Records excerpted from a collection:
<<<<

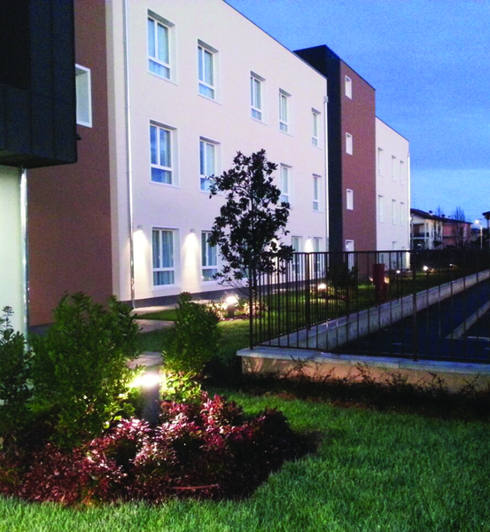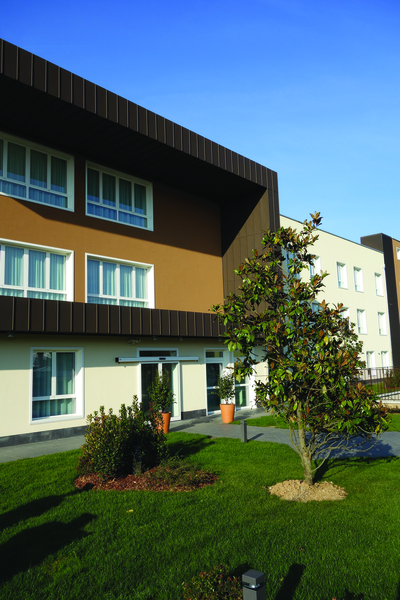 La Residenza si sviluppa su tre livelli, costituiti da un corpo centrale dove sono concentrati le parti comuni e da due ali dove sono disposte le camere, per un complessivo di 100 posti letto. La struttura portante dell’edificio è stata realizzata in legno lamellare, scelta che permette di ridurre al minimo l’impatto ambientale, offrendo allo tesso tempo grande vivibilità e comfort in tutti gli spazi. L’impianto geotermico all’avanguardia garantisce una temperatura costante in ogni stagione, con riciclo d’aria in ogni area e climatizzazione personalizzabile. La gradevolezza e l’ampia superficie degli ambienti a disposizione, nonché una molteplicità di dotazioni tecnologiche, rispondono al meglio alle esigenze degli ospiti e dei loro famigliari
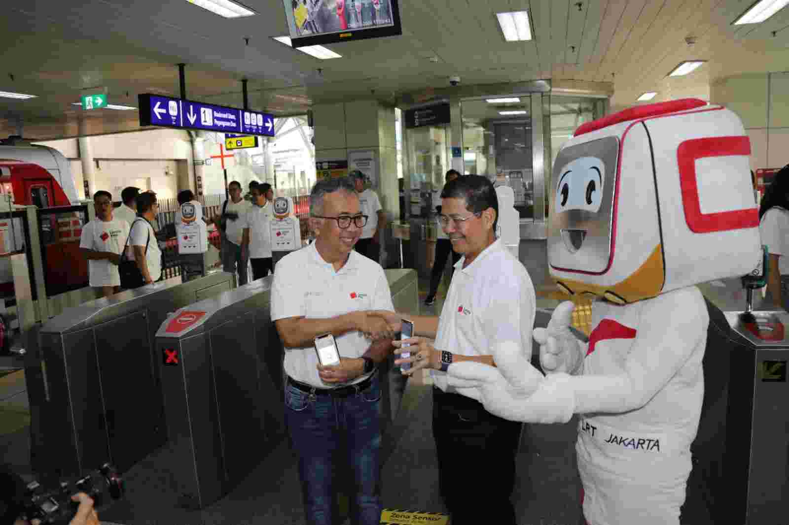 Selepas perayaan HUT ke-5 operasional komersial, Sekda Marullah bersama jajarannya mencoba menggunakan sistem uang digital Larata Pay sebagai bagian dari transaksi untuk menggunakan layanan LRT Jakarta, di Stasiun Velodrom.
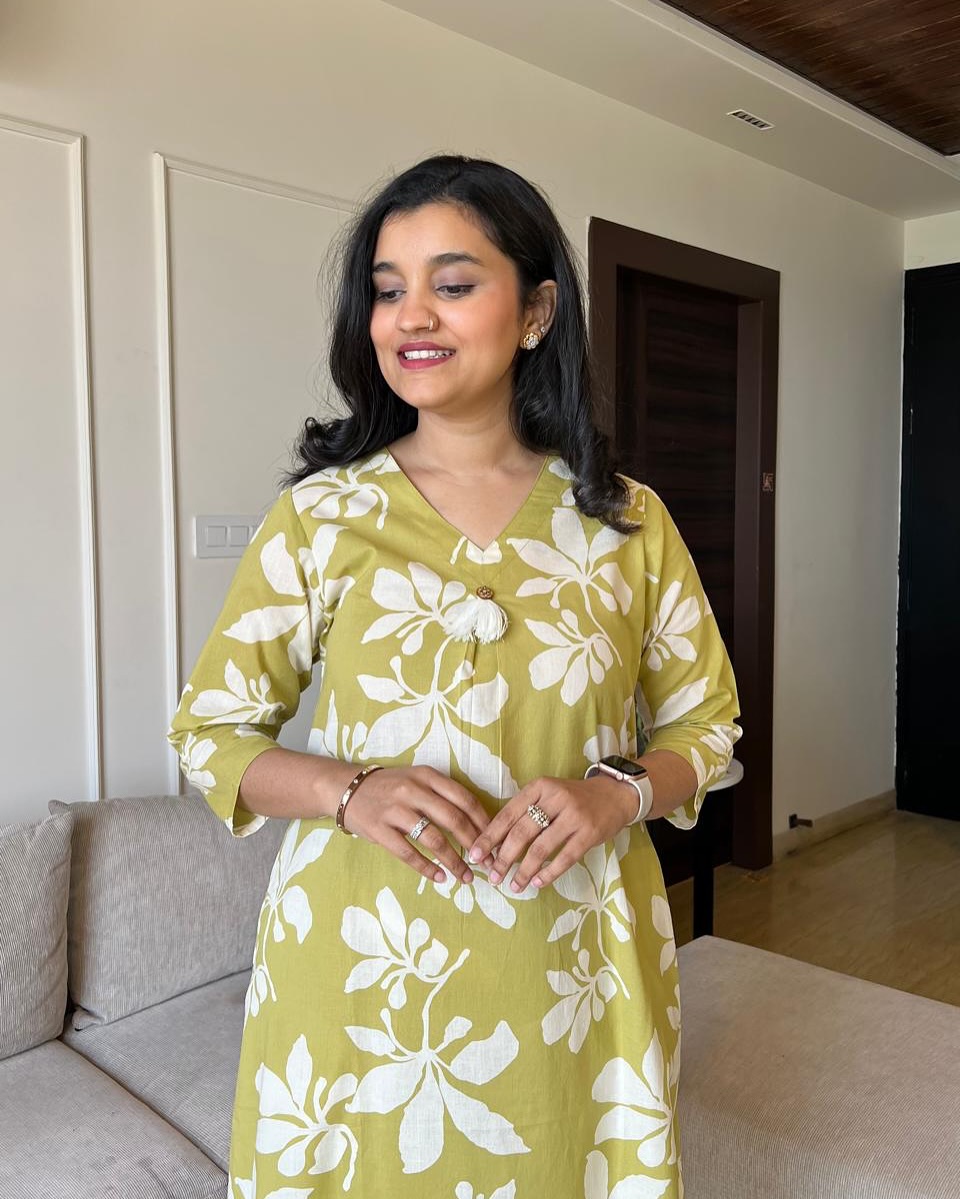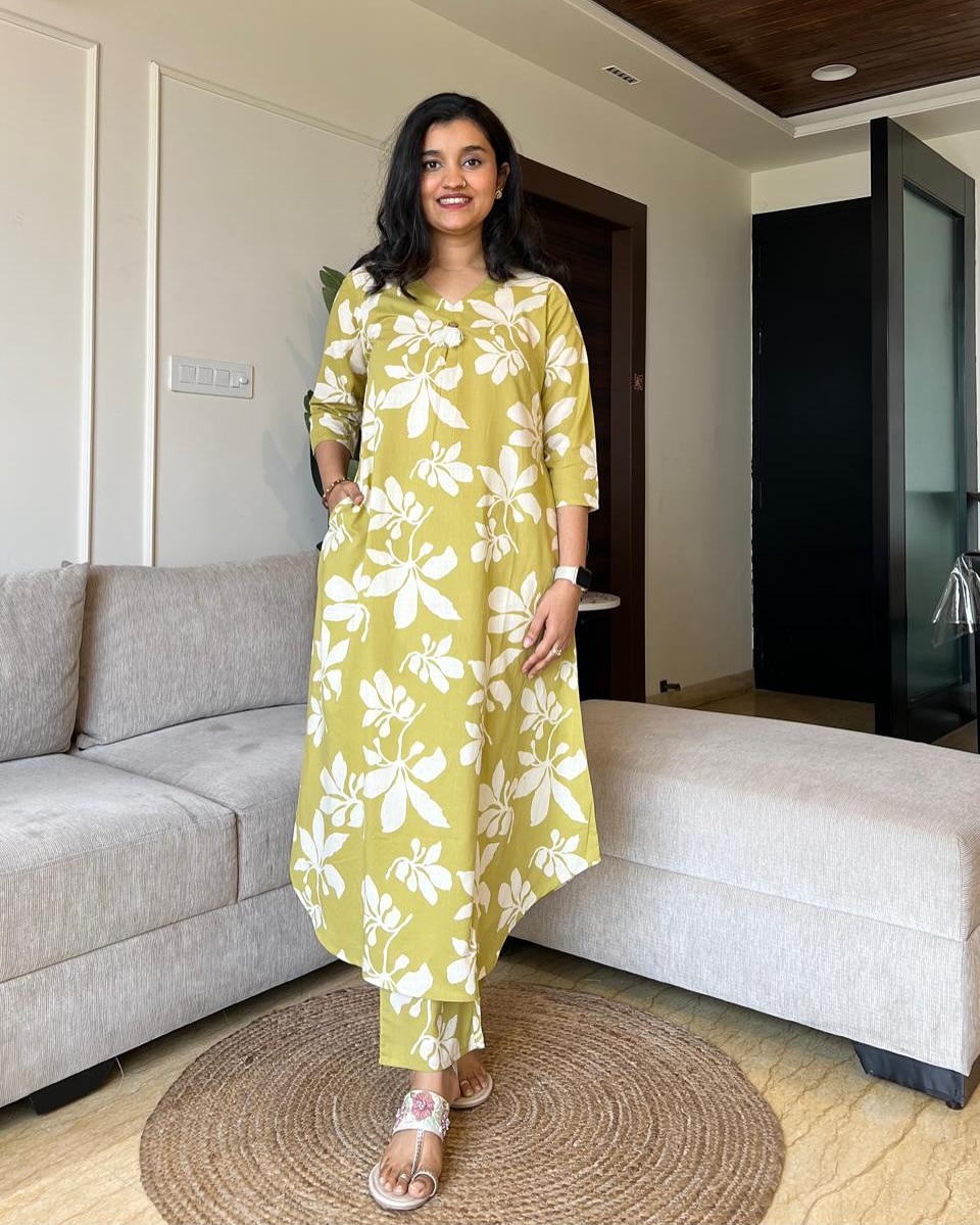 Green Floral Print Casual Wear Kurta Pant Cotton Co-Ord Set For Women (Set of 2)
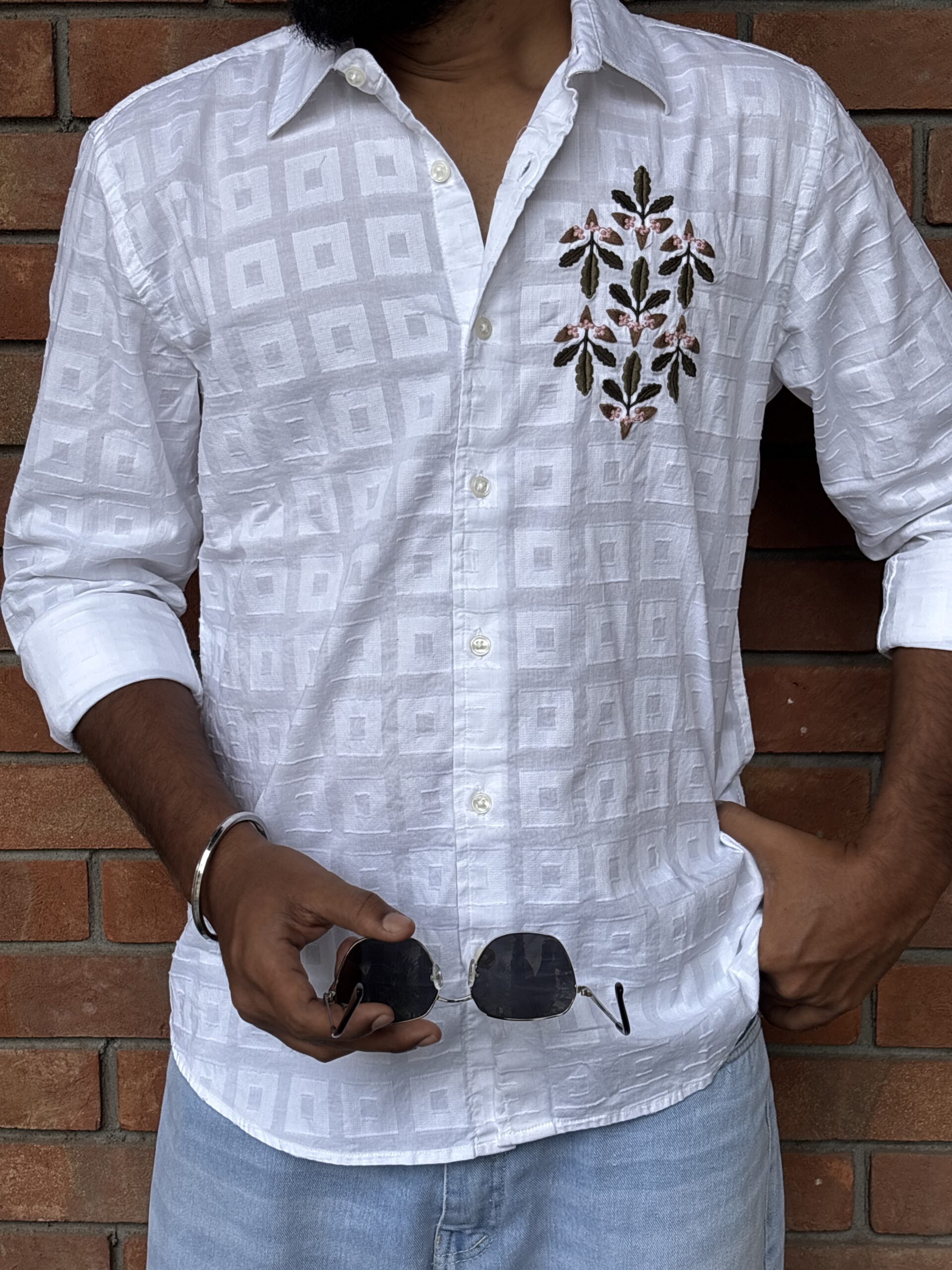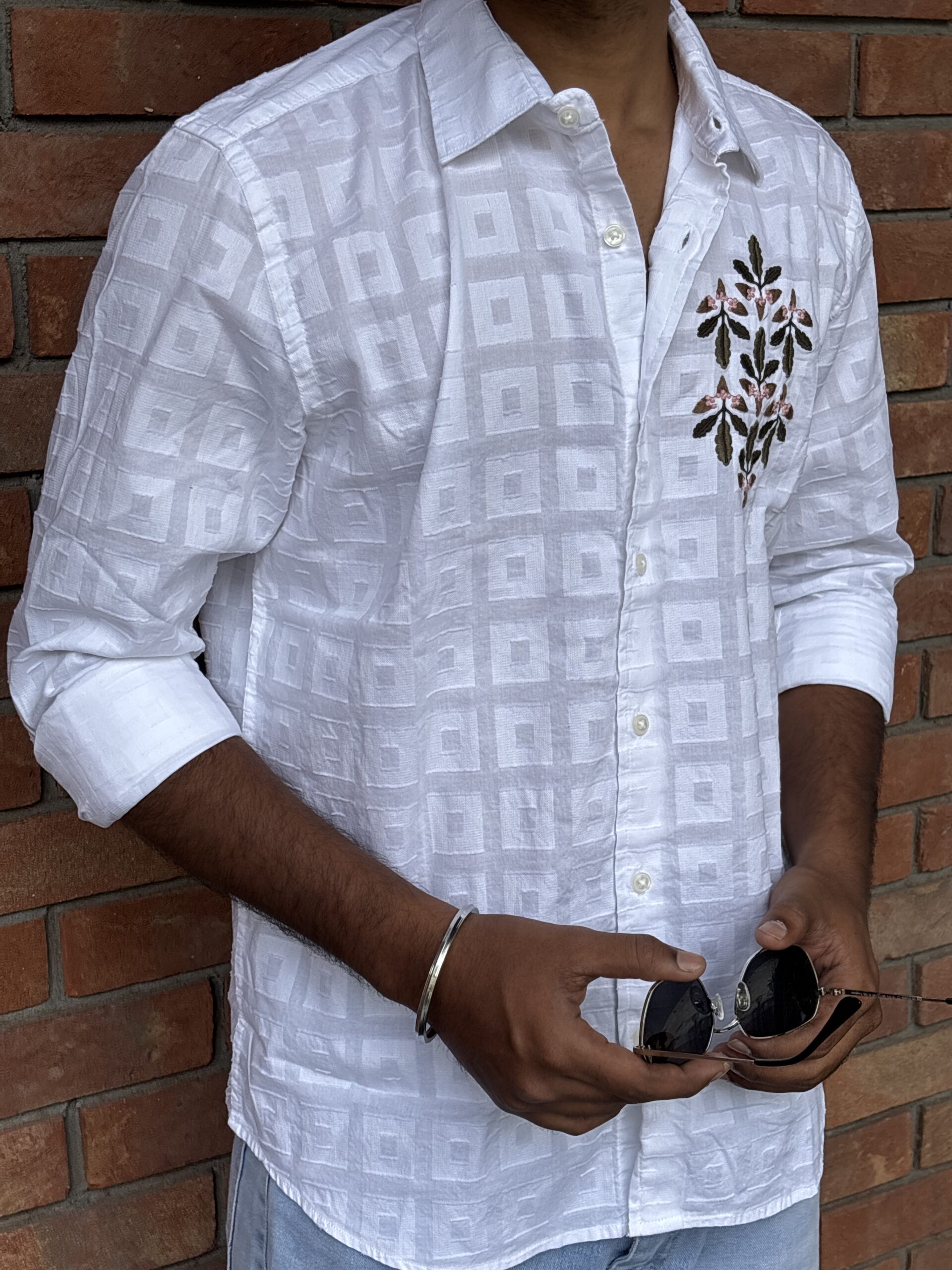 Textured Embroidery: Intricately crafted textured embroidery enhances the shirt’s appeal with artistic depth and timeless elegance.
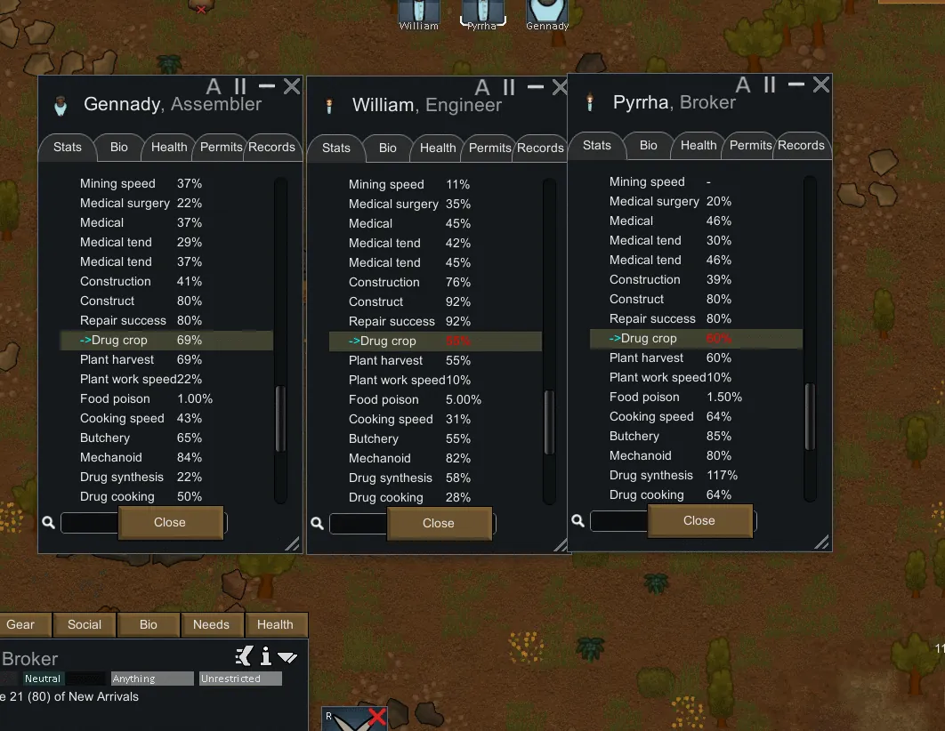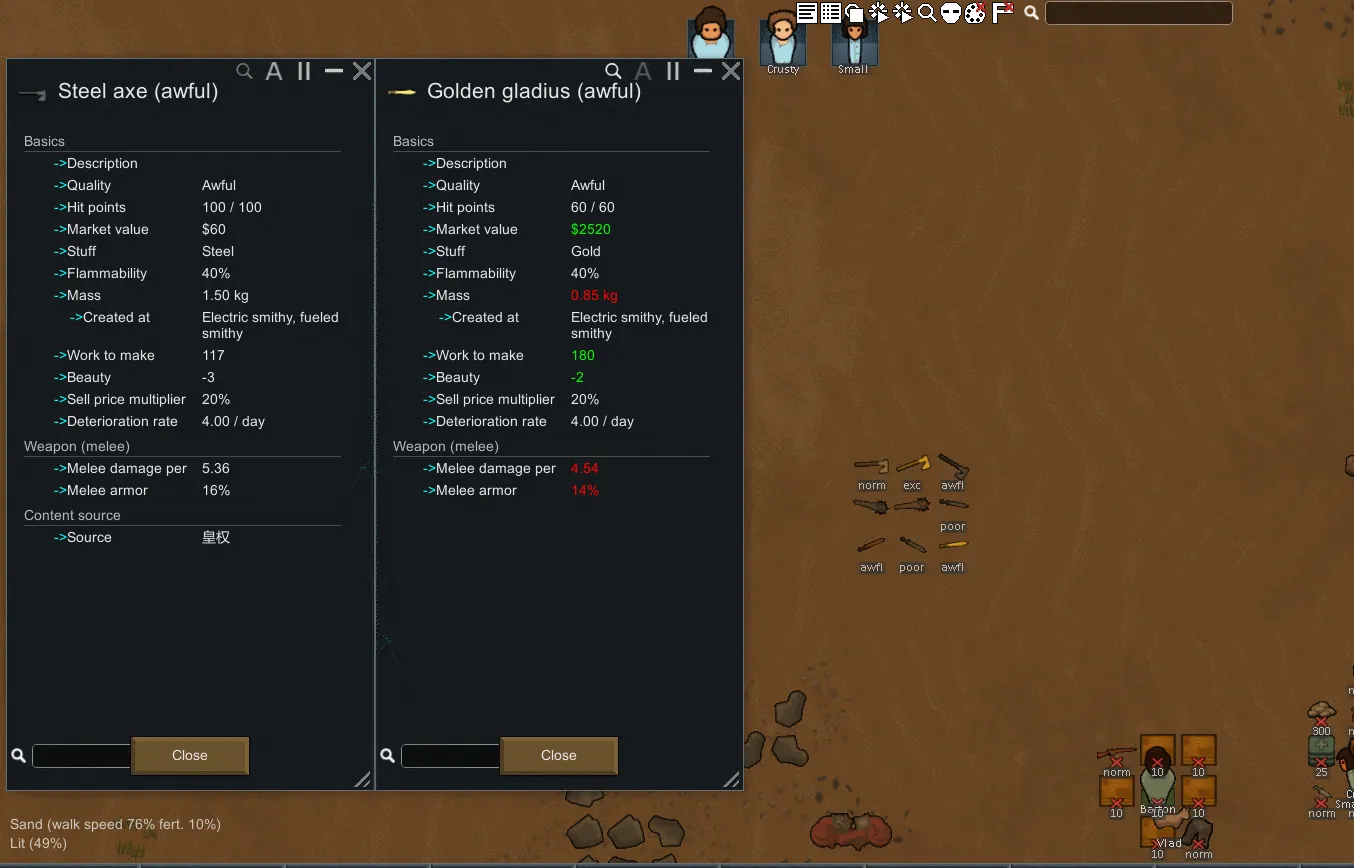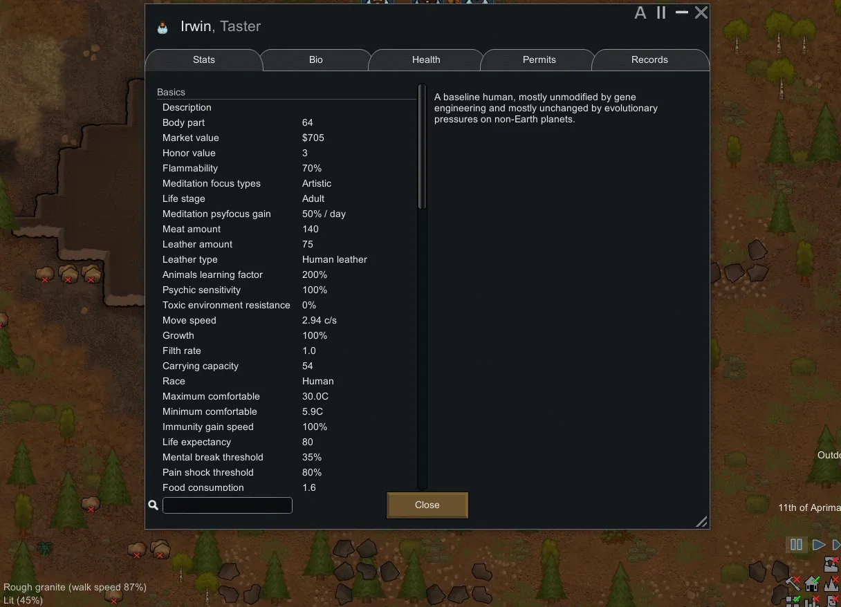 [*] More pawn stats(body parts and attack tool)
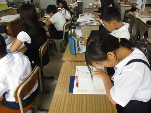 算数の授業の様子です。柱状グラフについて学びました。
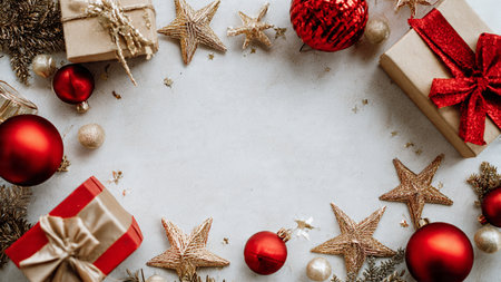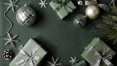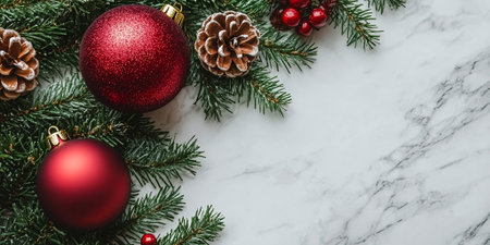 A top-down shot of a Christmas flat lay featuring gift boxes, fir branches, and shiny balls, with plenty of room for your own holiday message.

>>>>

Excerpt from the records above: set down only the lines from the one that contains "Green Floral Print" through the one that contains "算数の授業の様子です。柱状グラフについて学びました。", inclusive, word for word. Pictures stay out.

 Green Floral Print Casual Wear Kurta Pant Cotton Co-Ord Set For Women (Set of 2)
 Textured Embroidery: Intricately crafted textured embroidery enhances the shirt’s appeal with artistic depth and timeless elegance.
 [*] More pawn stats(body parts and attack tool)
 算数の授業の様子です。柱状グラフについて学びました。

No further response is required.